Только своим «магнум опус» (вот привязалось!) — портретом, заявленным в названии, — выполняет он на исходе третьего года поставленную сверхзадачу, и даже когда черт уволакивает его в ад, читателю остается гадать, чему обязана апокалиптическая развязка — магии Гуго или дьявольским козням.
В сюжет вплетена довольно слабенькая романтическая линия, а-ля Фауст и Маргарита. Читая описание героини, я не мог сдержать смешок: прообразом той явно послужила (по крайней мере, что касается внешности) доктор Эймей Баск. Какая уж тут романтика!
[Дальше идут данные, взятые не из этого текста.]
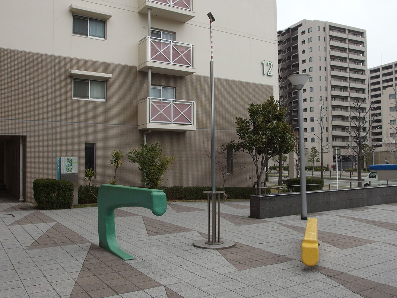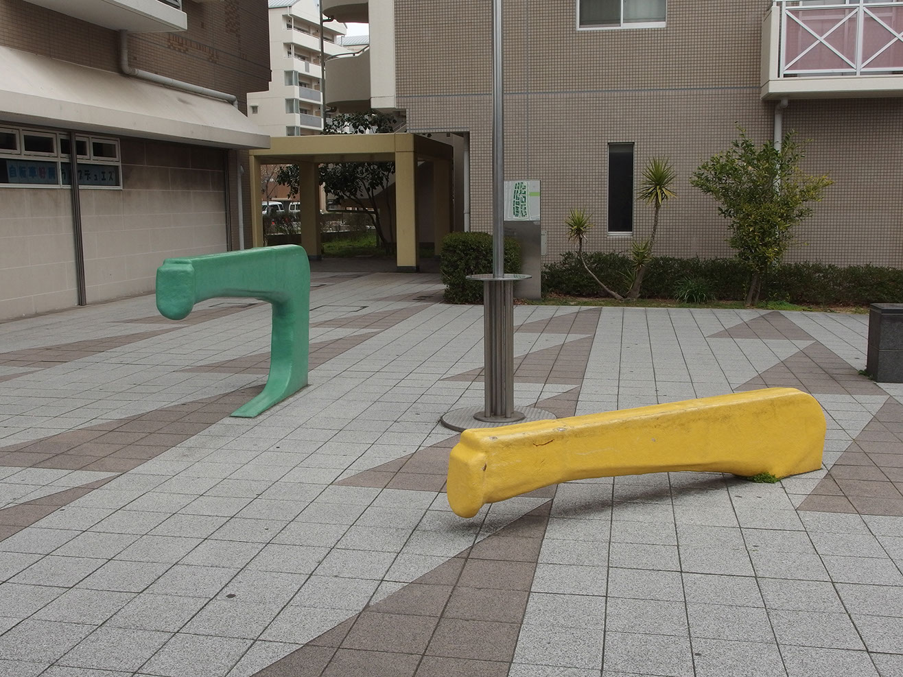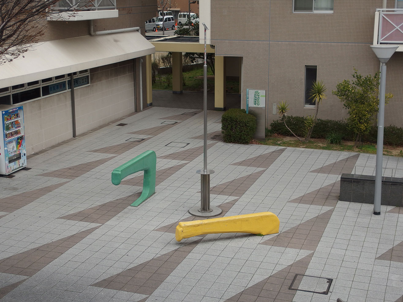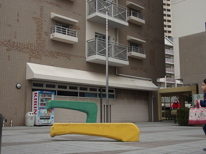 作品の設置してあるところは、区画のすみの小広場といった場所なので、ちょっと腰掛けて休んだり、待合せをしたりというふうに使ってもらえればと思う。そして、この作品の成立ちから広く大きな宇宙へと思いを巡らすことのきっかけを人々に提供できればと願う。

Короче; книжка мне понравилась и, по-моему, всем, кто любит книжки о художниках и чертях, должна понравиться тоже.
Позже:
Не считая обеденного часа — обедал с заключенными в общей столовой (шеф-повар позаимствован с «Кунард-лайн», не иначе!), — весь день и полночи работал… над «чем-то куда более масштабным», которое грезилось с утра. Это пьеса — первые мои драматургические потуги, — и если сама по себе скорость о чем-то говорит, выйти должно нечто потрясающее: уже закончил вчерне половину первого акта! Едва ли не боюсь раскрывать название. Какая-то часть меня до сих пор в ужасе и отвращении от того, что я тут затеял, словно Баудлер с экземпляром «Голого завтрака»; другая часть вся изошла на восторженные ахи и охи — какая смелость! какой полет духа! Явно пора раскрыть карты или промолчать в тряпочку:
АУШВИЦ
Комедия
Не иначе как мордехаевское «воспаление рассудка» заразно. Ангелы и слуги божьи, защитите! В меня вселился бес!
Элементы будничного мира:
Часы. Коридорные часы, громоздкие, с эмблемой компании-производителя на самом видном месте тщатся достичь нейтральности, нервничают, как бы, упаси Господи, не нервировать, словно уличные часы в деловом квартале. Правда, минутная стрелка движется не как в прочих электрических приборах для измерения времени — медленно, неощутимо, по течению, — а резкими, неприятными рывками каждые полминуты. Стрелка суть стрела, только переиначенная вместо линейного полета под круговой: сначала гудение, словно спущенной тетивы, и тут же снайперское попадание; и секунду-другую стрела вибрирует в самом центре мишени. Как-то даже боязно справляться у такого устройства, который час.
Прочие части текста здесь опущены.